What drives the Rebound Effect in transportation? An evaluation based on a Traveling Purchaser Problem
Abstract
Limiting climate change is one of the most important challenges of the 21st century.
Focusing on the transport sector, encouraging the use of more energy-efficient transport
modes, and improving the performance of vehicles are the main targets in the fight for
GHG reductions. However, due to Rebound Effect (RE), it is proven that improvements
in engine fuel efficiency result in lower cost per kilometer driven and can induce individuals
to use vehicles more often or to drive longer distances. As a result, the potential energy
savings from improved energy efficiency could be partially or totally offset. Therefore, we
decided to examine "What drives the Rebound Effect in transportation".
To answer this research question, a Traveling Purchaser Problem was evaluated. This
simple real-life business application models a situation in which a company owns one or
several vehicles and has to buy specific products. The goal is to select and visit a subset
of suppliers to satisfy a given demand for each product while minimizing both purchasing
and travel costs. In total, 510 instances of this problem with various characteristics
and parameters were generated and solved using the optimization software AIMMS. The
impact of five main experimentations was deeply investigated.
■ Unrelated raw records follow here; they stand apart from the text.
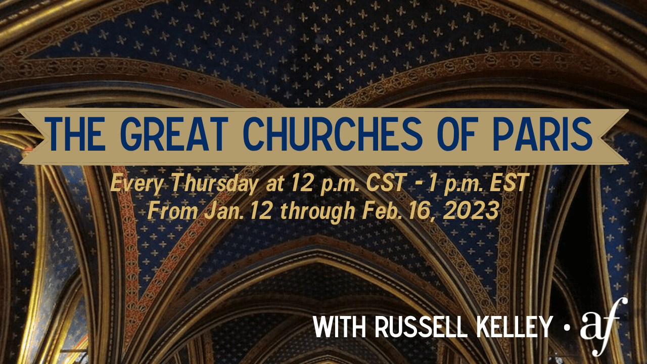 Following the success of the Grands Châteaux of the Loire and Ile-de-France and The Making of the French Garden series of online talks, Russell Kelley spent the summer visiting the most beautiful churches of Paris! Our curator extraordinaire returns to offer a series of 6 talks packed with information about another important pillar of France’s cultural and architectural heritage: the extraordinary variety of churches that were built in every commune in France – but especially in Paris – over the past one thousand years.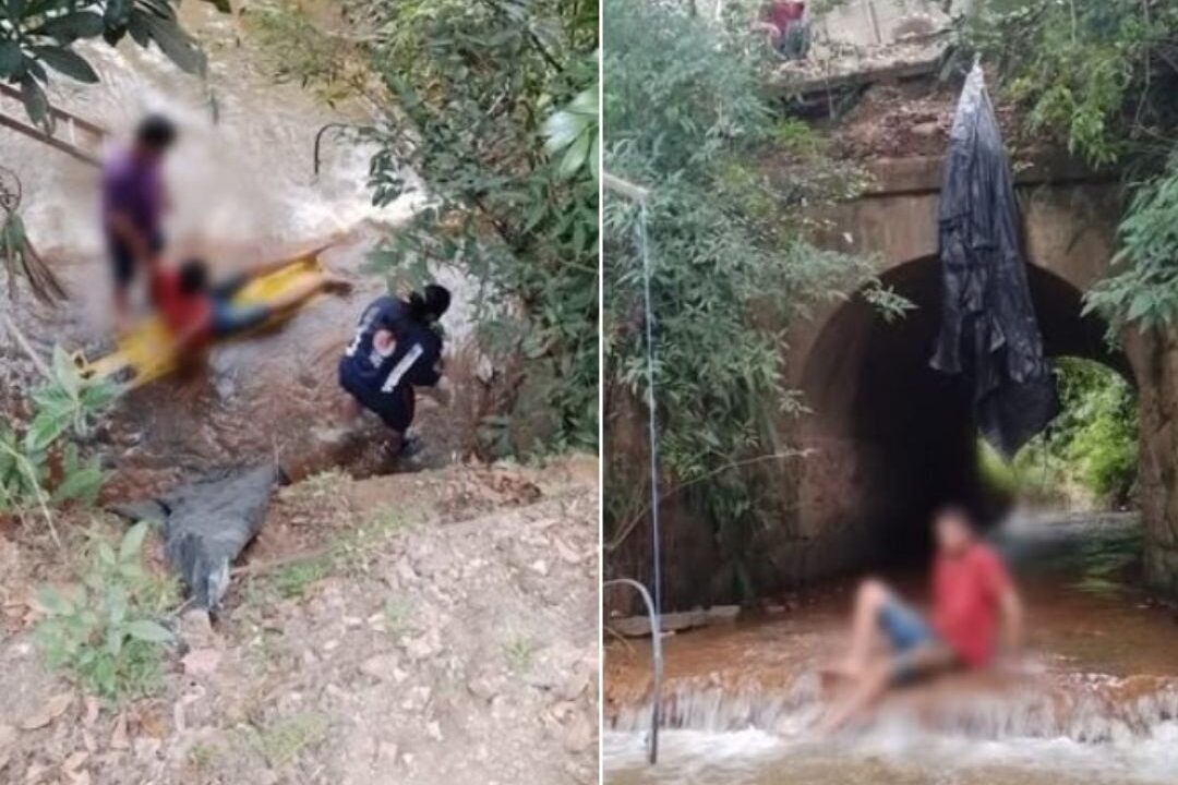 Microtrator cai de ponte de seis metros e deixa dois feridos em Lontras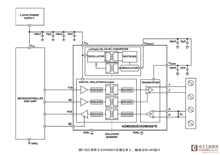 许多仪器内置隔离式RS-485端口,用于远程监控或控制。几年前,实现这样的隔离端口不但需要为数据线路配置隔离器,而且需要兼容RS-485差分信号和电源的收发器。图3显示了像ADM2682E这样的单个IC如何将所有功能集成到单个封装之中。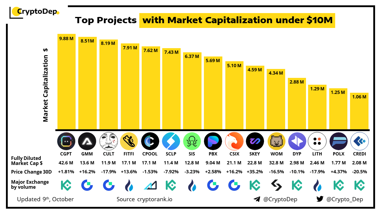 Top Projects with Market Capitalization under $10M
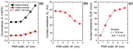 Width-dependence of (a) conductance, (b) contact resistance, and (c) width-normalized contact resistance in 15 nm-long PNRs. For all MEC-PNRs, −ImΣR = 0.9 eV.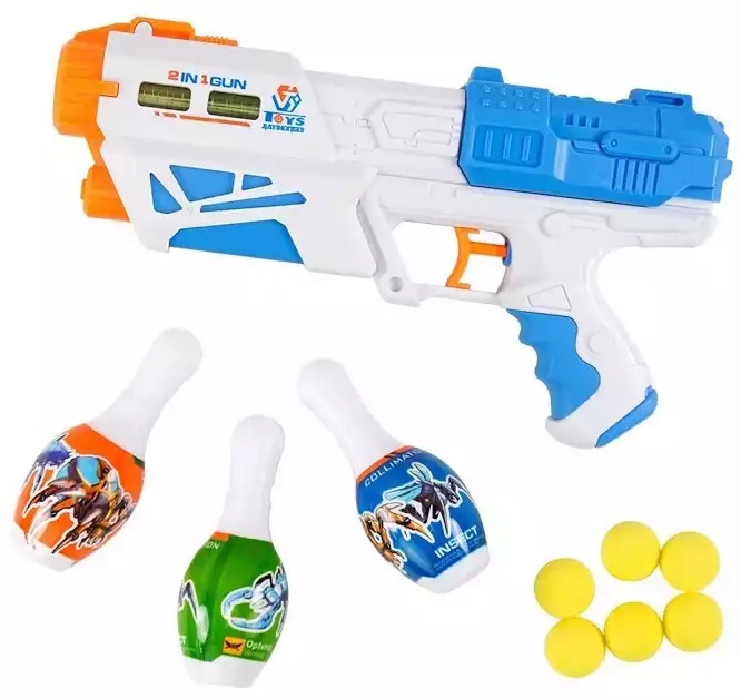 - Пистолет-бластер 2в1 с шарами + стреляет водой + 3 мишени кегли 648-30
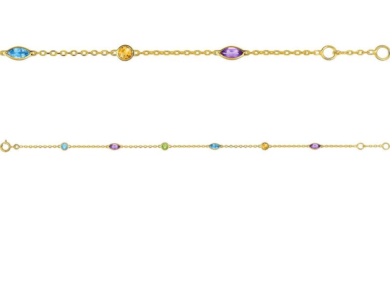 Bracelet fin en or jaune 750/1000 (18 carats) serti de pierres fines : topaze (bleu ciel), améthyste (violet), péridot (vert) et citrine (jaune).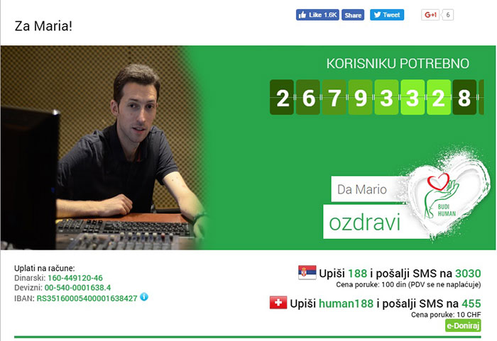 Za Marija je već prikupljeno 135.000 evra i nedostaje još 55.000 evra kako bi počeo sa TIL terapijom koja je dostupna samo u Tel Avivu (Izrael). Ko želi da donira ili pošalje SMS za Marija – dovoljno je da ukuca 188 na 3030 ili da poseti njegov profil na BudiHuman.rs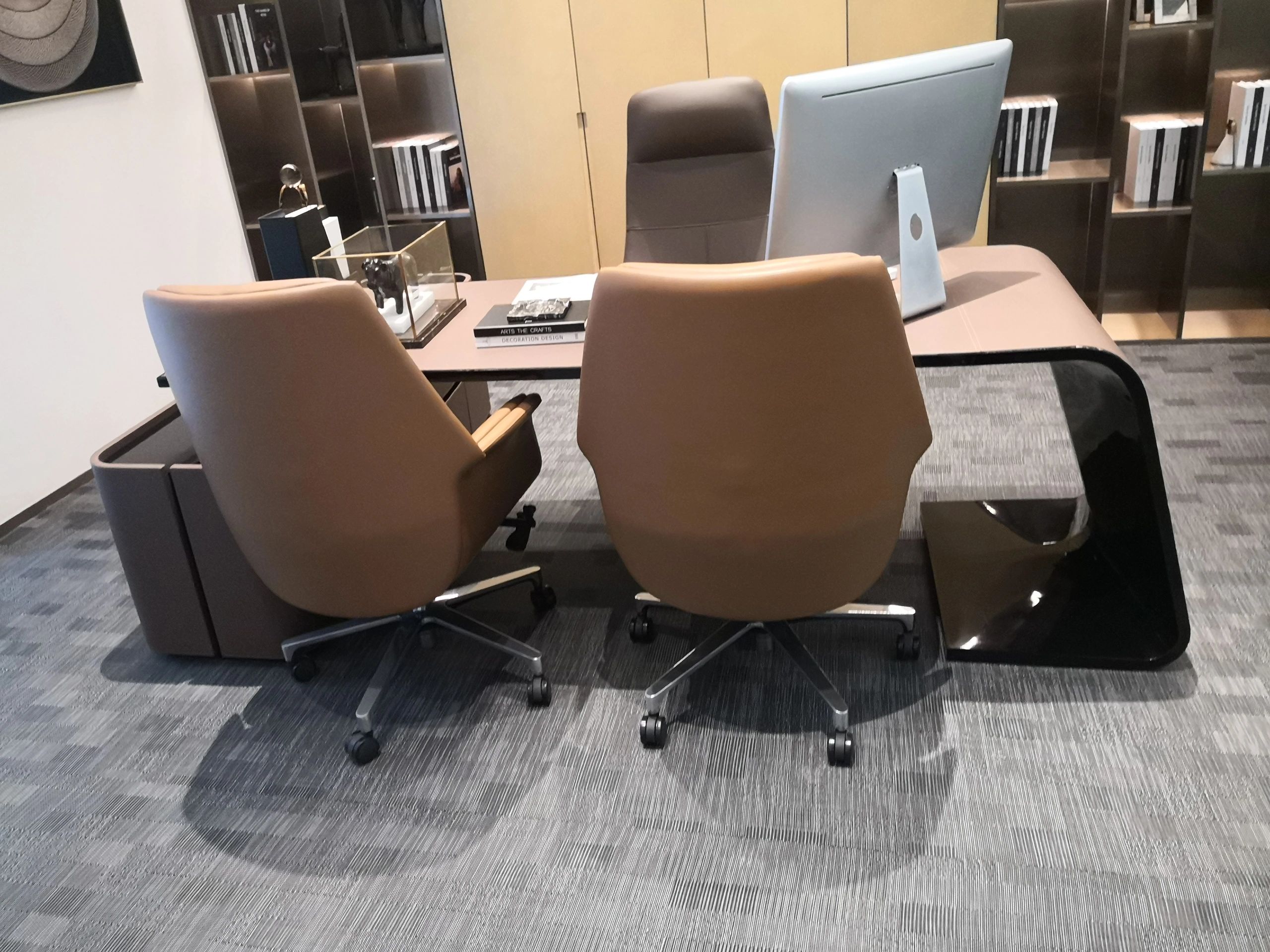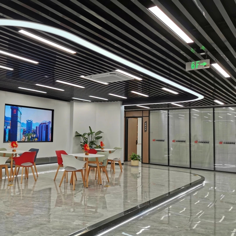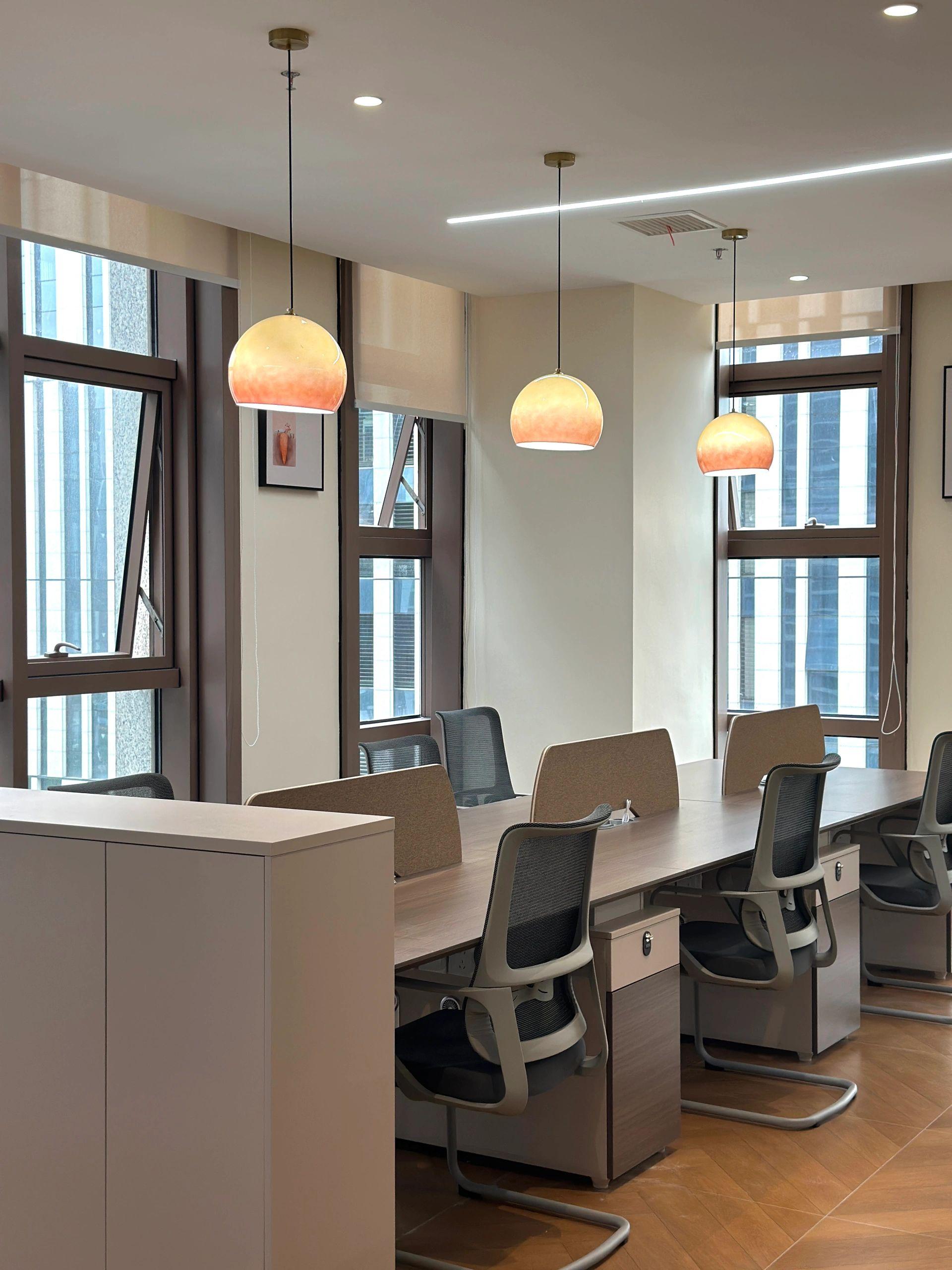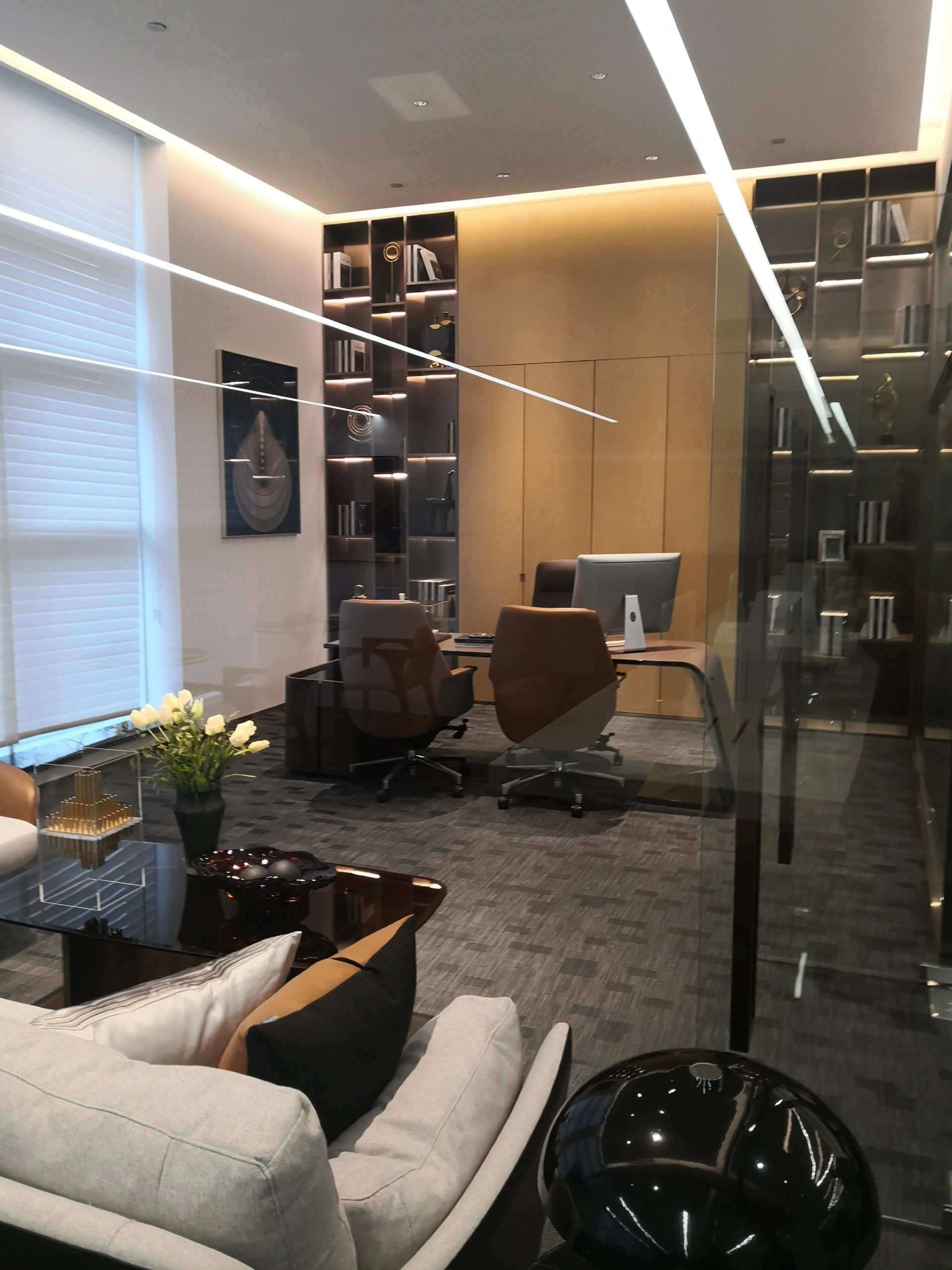 接待区色彩主要以暖色为主,加以墙面的挂画作为点缀,茂绿的盆栽更加使得空间具有生机感。在空间内加入绿植,在自然和光影变幻之间找到对心灵的冲击,为员工提供了一个轻松舒适的工作环境。开放办公区采取玻璃隔断的形式,采光好,为促进室内多样性,整体空间设计通过使用颜色、纹理、挂饰和几何形状,统一了色彩和线条,在形式与功能、风格与舒适、休闲与专业之间创造了完美平衡。董事长办公室设计现代感十足,装饰陈设上色调简洁统一,为办公区域提供了一个美观、实用的空间。超大落地窗保障了区域采光,低饱和度的灰色摆件、抱枕以及桌面相互协调,一扫大面积的沉闷。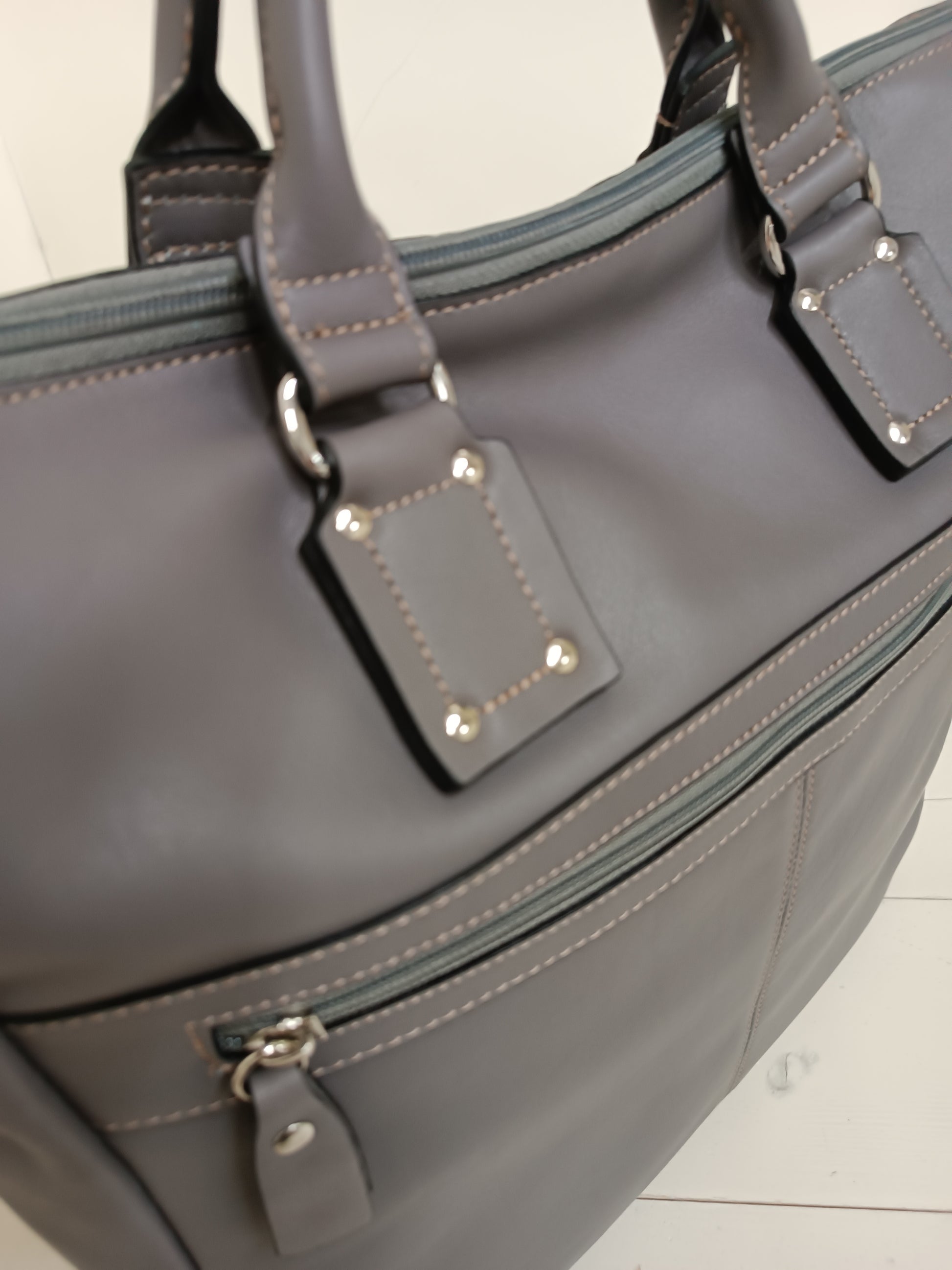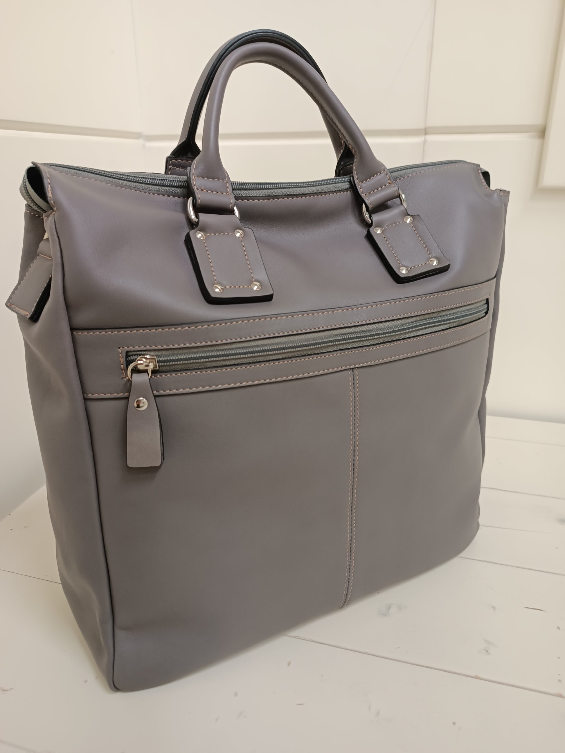 Borsa da lavoro 𝗨𝗡𝗜𝗦𝗘𝗫, in vera pelle dollaro, due grandi tasche esterne, tracolla regolabile.

In addition, the trends
obtained from these experiments were confirmed by fitting a logistic regression and a
decision tree.
The results of the various experiments showed that four variables can influence the occurrence
of RE in a transportation network. On the one hand, RE tended to increase
with the number of potential suppliers from which the firm can choose and the number
of vehicles that the company owns to procure the products. On the other hand, the exclusivity
of the products to source, as well as the introduction of a distance-traveled tax,
reduced the occurrence of RE. To sum up, significant conclusions could be drawn from
the experiments and the results can be easily transferred to real-life business applications.
Recommendations for possible future studies were also discussed.